Go to the line with "Die Wohnung verfügt" in the records below, then output it and each following line exactly, up to and including the line with "Det moderne interiør". Skip pictures and add nothing.

• PROVIDED RECORDS:

((

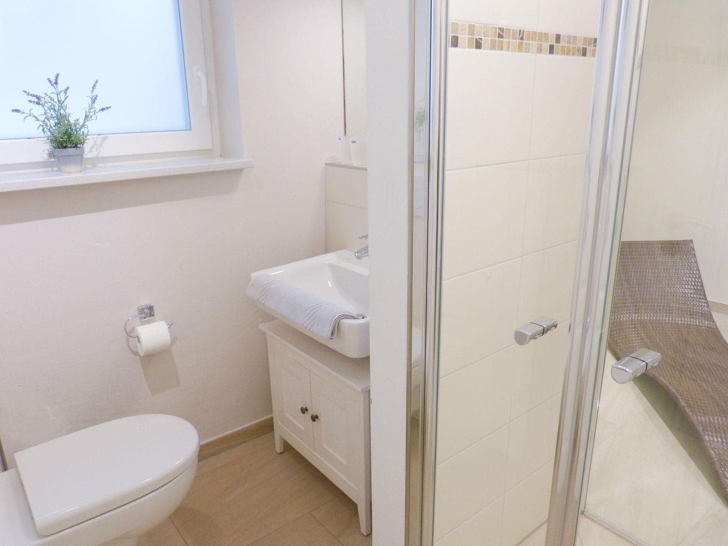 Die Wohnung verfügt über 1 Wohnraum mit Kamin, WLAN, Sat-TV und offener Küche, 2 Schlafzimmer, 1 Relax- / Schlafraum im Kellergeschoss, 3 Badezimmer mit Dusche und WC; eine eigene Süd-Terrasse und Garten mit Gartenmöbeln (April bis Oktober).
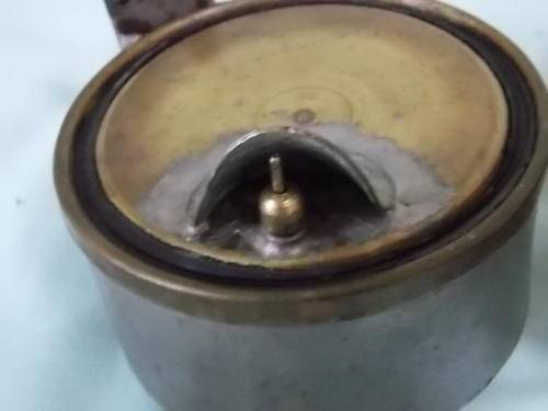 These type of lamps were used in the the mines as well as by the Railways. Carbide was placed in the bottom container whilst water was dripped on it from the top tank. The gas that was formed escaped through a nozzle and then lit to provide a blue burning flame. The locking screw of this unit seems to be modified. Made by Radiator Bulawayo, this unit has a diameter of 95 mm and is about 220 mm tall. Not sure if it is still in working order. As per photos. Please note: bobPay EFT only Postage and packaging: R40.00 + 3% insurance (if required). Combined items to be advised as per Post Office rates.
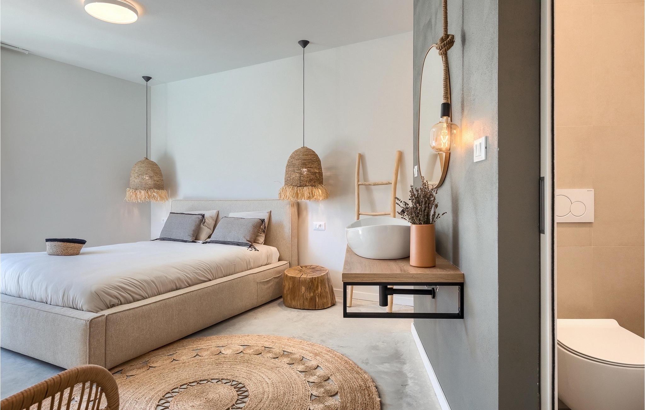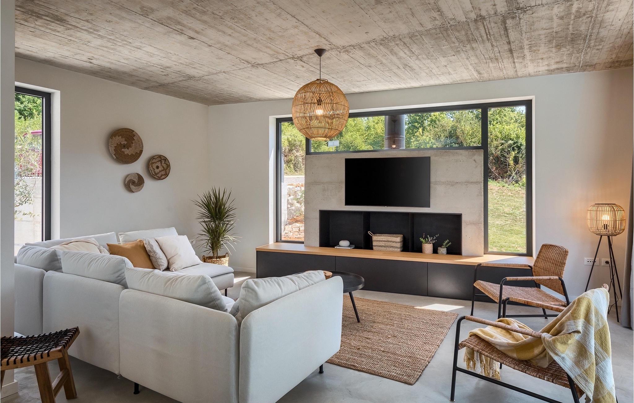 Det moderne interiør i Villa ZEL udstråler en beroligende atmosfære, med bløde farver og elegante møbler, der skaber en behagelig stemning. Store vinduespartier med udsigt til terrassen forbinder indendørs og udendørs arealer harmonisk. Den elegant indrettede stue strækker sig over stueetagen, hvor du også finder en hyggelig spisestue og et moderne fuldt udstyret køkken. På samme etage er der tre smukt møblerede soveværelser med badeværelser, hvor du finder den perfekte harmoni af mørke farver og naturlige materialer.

))
((

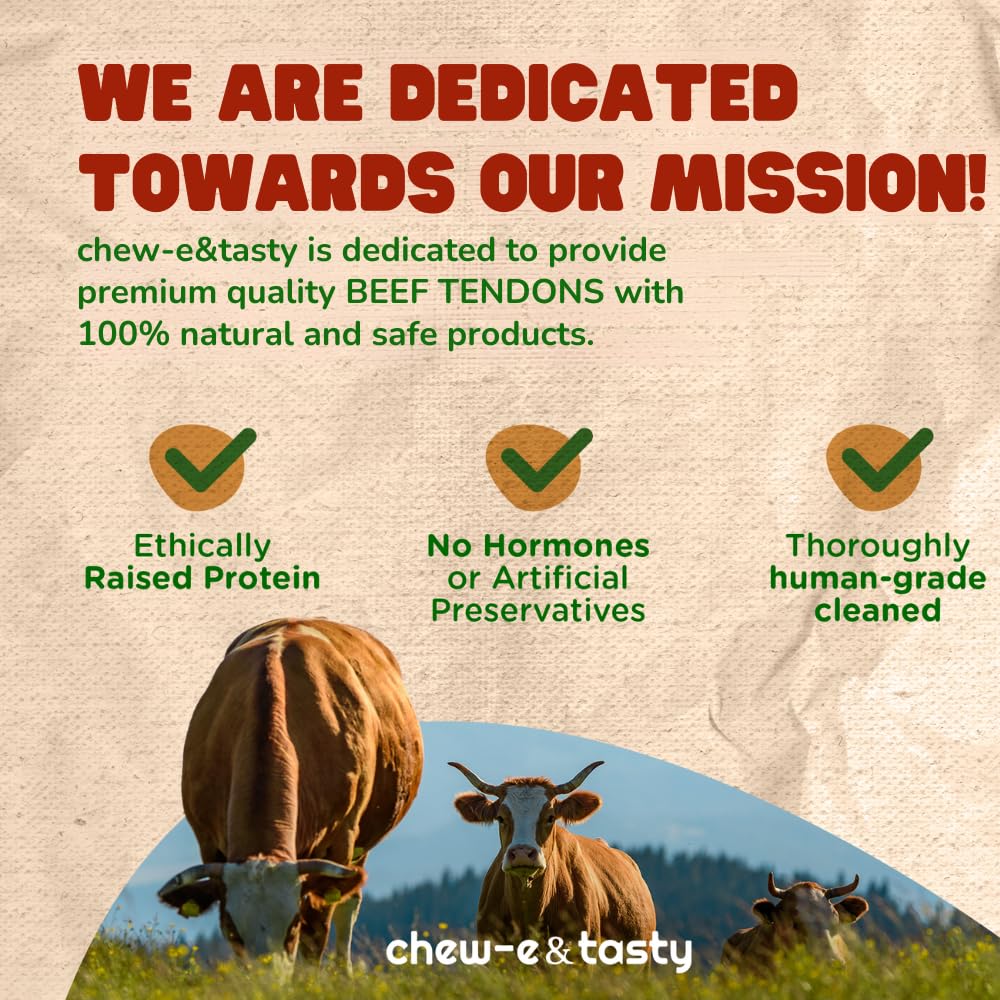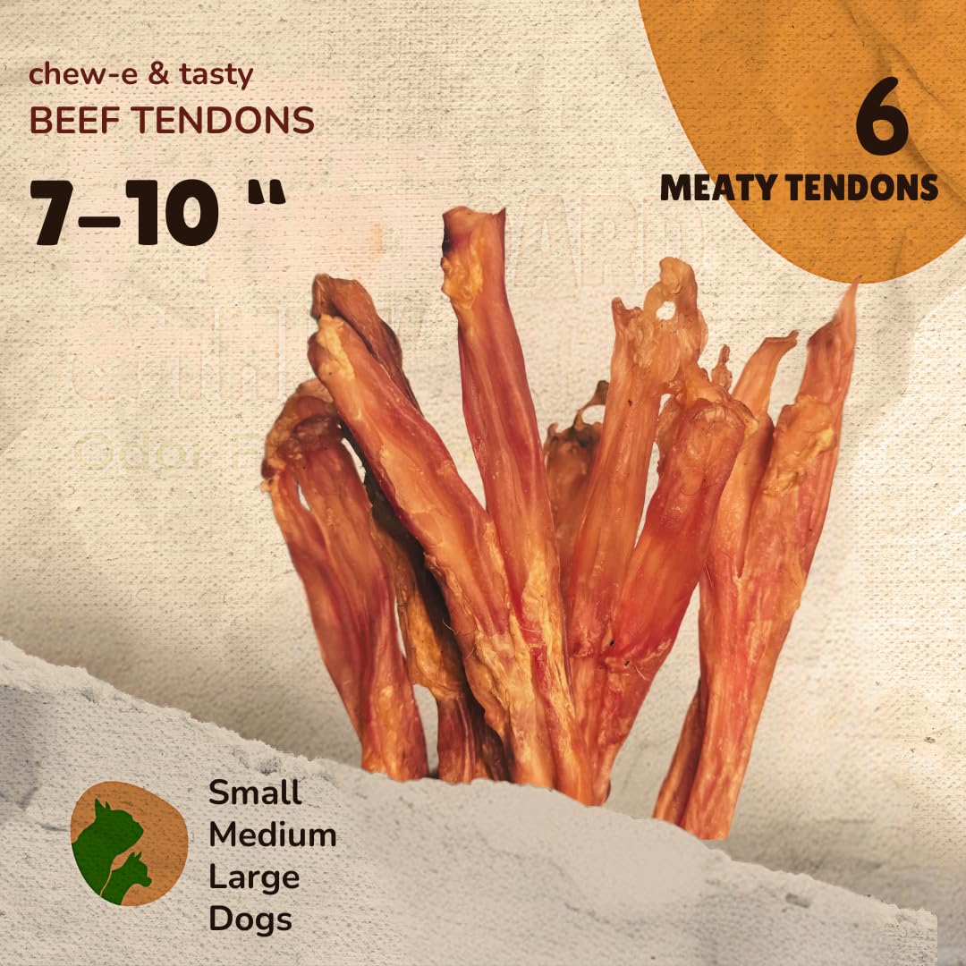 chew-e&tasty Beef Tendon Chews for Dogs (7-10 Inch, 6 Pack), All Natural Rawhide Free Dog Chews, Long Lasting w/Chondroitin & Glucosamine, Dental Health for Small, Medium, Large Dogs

))
((

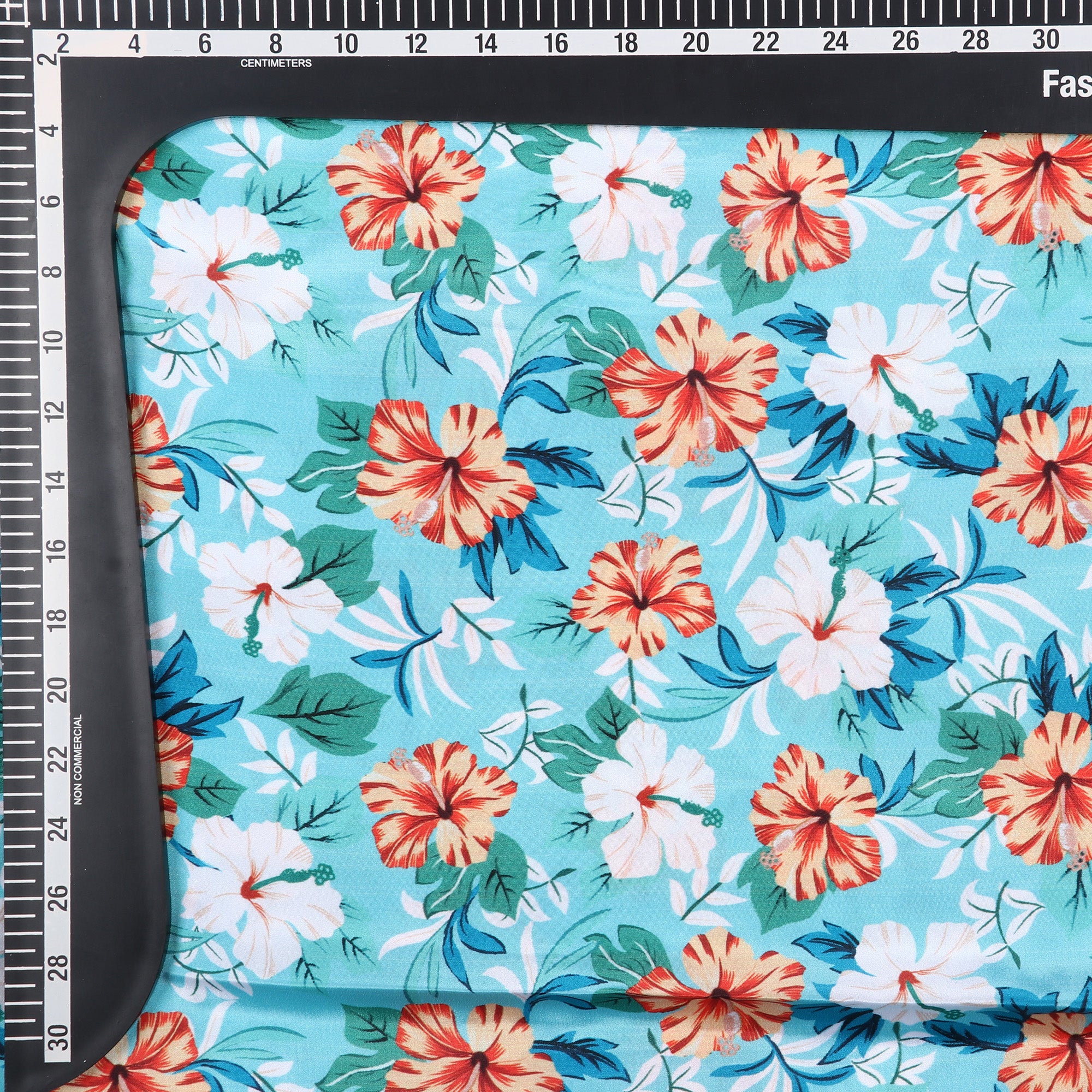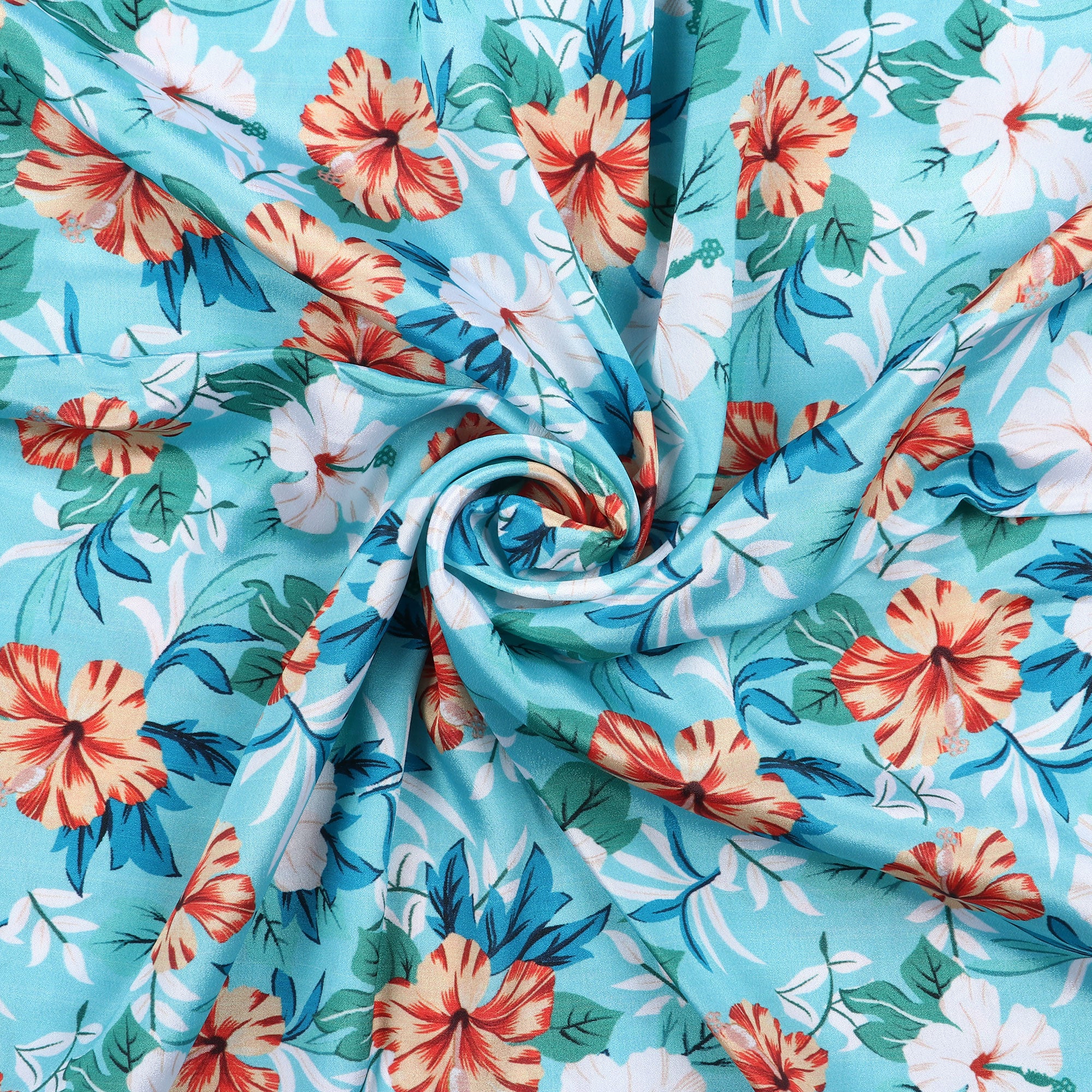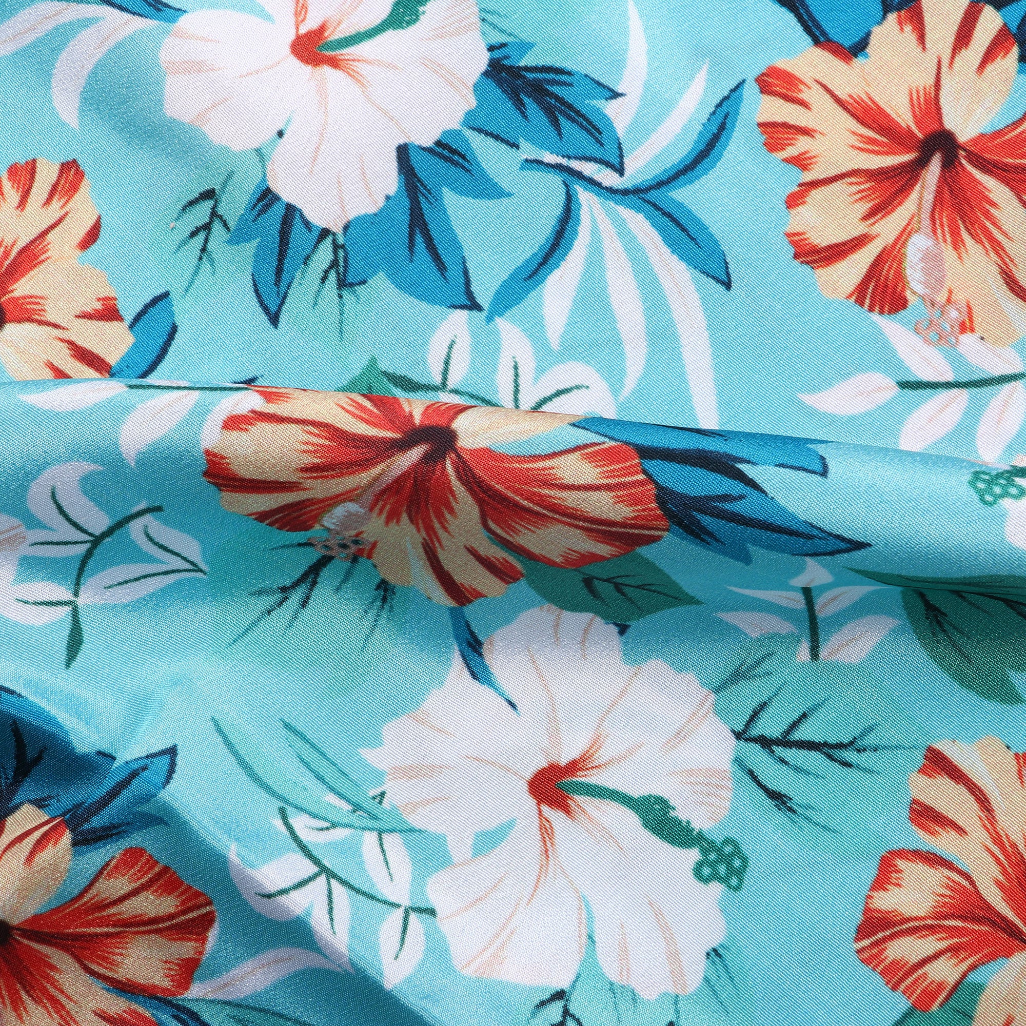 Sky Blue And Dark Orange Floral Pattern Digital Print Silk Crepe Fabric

))

• TASK SOLUTION:
 Die Wohnung verfügt über 1 Wohnraum mit Kamin, WLAN, Sat-TV und offener Küche, 2 Schlafzimmer, 1 Relax- / Schlafraum im Kellergeschoss, 3 Badezimmer mit Dusche und WC; eine eigene Süd-Terrasse und Garten mit Gartenmöbeln (April bis Oktober).
 These type of lamps were used in the the mines as well as by the Railways. Carbide was placed in the bottom container whilst water was dripped on it from the top tank. The gas that was formed escaped through a nozzle and then lit to provide a blue burning flame. The locking screw of this unit seems to be modified. Made by Radiator Bulawayo, this unit has a diameter of 95 mm and is about 220 mm tall. Not sure if it is still in working order. As per photos. Please note: bobPay EFT only Postage and packaging: R40.00 + 3% insurance (if required). Combined items to be advised as per Post Office rates.
 Det moderne interiør i Villa ZEL udstråler en beroligende atmosfære, med bløde farver og elegante møbler, der skaber en behagelig stemning. Store vinduespartier med udsigt til terrassen forbinder indendørs og udendørs arealer harmonisk. Den elegant indrettede stue strækker sig over stueetagen, hvor du også finder en hyggelig spisestue og et moderne fuldt udstyret køkken. På samme etage er der tre smukt møblerede soveværelser med badeværelser, hvor du finder den perfekte harmoni af mørke farver og naturlige materialer.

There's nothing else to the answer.